Appendix D. Controller Implementation

Appendix D. Controller Implementation COMPUTER ORGANIZATION AND DESIGN The Hardware/Software Iterface 5 th Editio Appedix D Cotroller Implemetatio Cotroller Implemetatios Combiatioal logic (sigle-cycle); Fiite state machie (multi-cycle, pipelied);

More information

Morgan Kaufmann Publishers 26 February, COMPUTER ORGANIZATION AND DESIGN The Hardware/Software Interface. Chapter 5

Morgan Kaufmann Publishers 26 February, COMPUTER ORGANIZATION AND DESIGN The Hardware/Software Interface. Chapter 5 Morga Kaufma Publishers 26 February, 28 COMPUTER ORGANIZATION AND DESIGN The Hardware/Software Iterface 5 th Editio Chapter 5 Set-Associative Cache Architecture Performace Summary Whe CPU performace icreases:

More information

Chapter 3 Classification of FFT Processor Algorithms

Chapter 3 Classification of FFT Processor Algorithms Chapter Classificatio of FFT Processor Algorithms The computatioal complexity of the Discrete Fourier trasform (DFT) is very high.

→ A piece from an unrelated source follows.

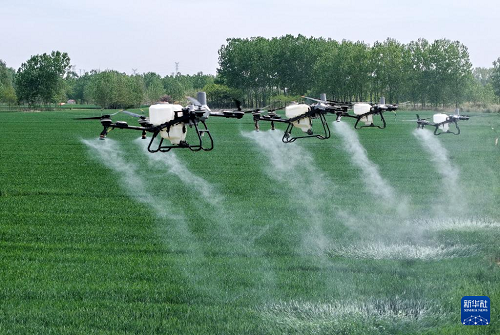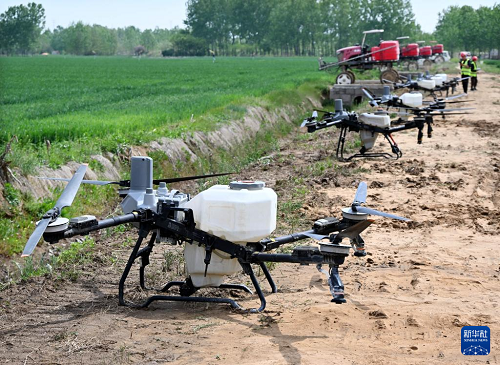 4月28日,在青島市西海岸新區(qū)大場鎮(zhèn)綠色增糧先行區(qū),植保無人機(jī)準(zhǔn)備開展“一噴三防”作業(yè)。(新華社記者 李紫恒 攝)
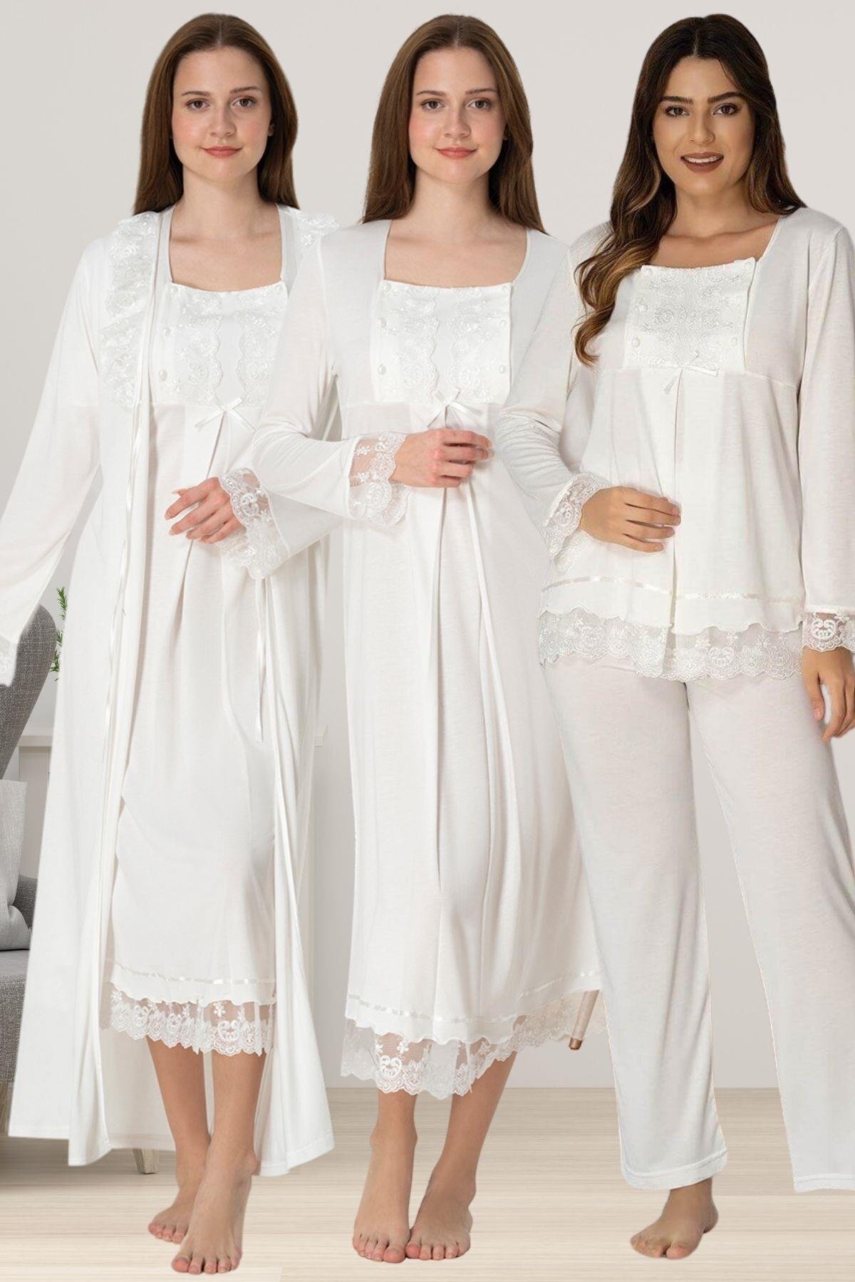 - Ekru rengiyle zarif ve şık bir görünüm sunan bu hamile pijama takımı, lohusa döneminizde konforunuzdan ödün vermez.

It requires () 2 complex multiplicatios ad () complex additios [5]. As

More information

CSC 220: Computer Organization Unit 11 Basic Computer Organization and Design

CSC 220: Computer Organization Unit 11 Basic Computer Organization and Design College of Computer ad Iformatio Scieces Departmet of Computer Sciece CSC 220: Computer Orgaizatio Uit 11 Basic Computer Orgaizatio ad Desig 1 For the rest of the semester, we ll focus o computer architecture:

More information

A Study on the Performance of Cholesky-Factorization using MPI

A Study on the Performance of Cholesky-Factorization using MPI A Study o the Performace of Cholesky-Factorizatio usig MPI Ha S. Kim Scott B. Bade Departmet of Computer Sciece ad Egieerig Uiversity of Califoria Sa Diego {hskim, bade}@cs.ucsd.edu Abstract Cholesky-factorizatio

More information

Lecture Notes 6 Introduction to algorithm analysis CSS 501 Data Structures and Object-Oriented Programming

Lecture Notes 6 Introduction to algorithm analysis CSS 501 Data Structures and Object-Oriented Programming Lecture Notes 6 Itroductio to algorithm aalysis CSS 501 Data Structures ad Object-Orieted Programmig Readig for this lecture: Carrao, Chapter 10 To be covered i this lecture: Itroductio to algorithm aalysis

More information

Ones Assignment Method for Solving Traveling Salesman Problem

Ones Assignment Method for Solving Traveling Salesman Problem Joural of mathematics ad computer sciece 0 (0), 58-65 Oes Assigmet Method for Solvig Travelig Salesma Problem Hadi Basirzadeh Departmet of Mathematics, Shahid Chamra Uiversity, Ahvaz, Ira Article history:

More information

Chapter 4. Procedural Abstraction and Functions That Return a Value. Copyright 2015 Pearson Education, Ltd.. All rights reserved.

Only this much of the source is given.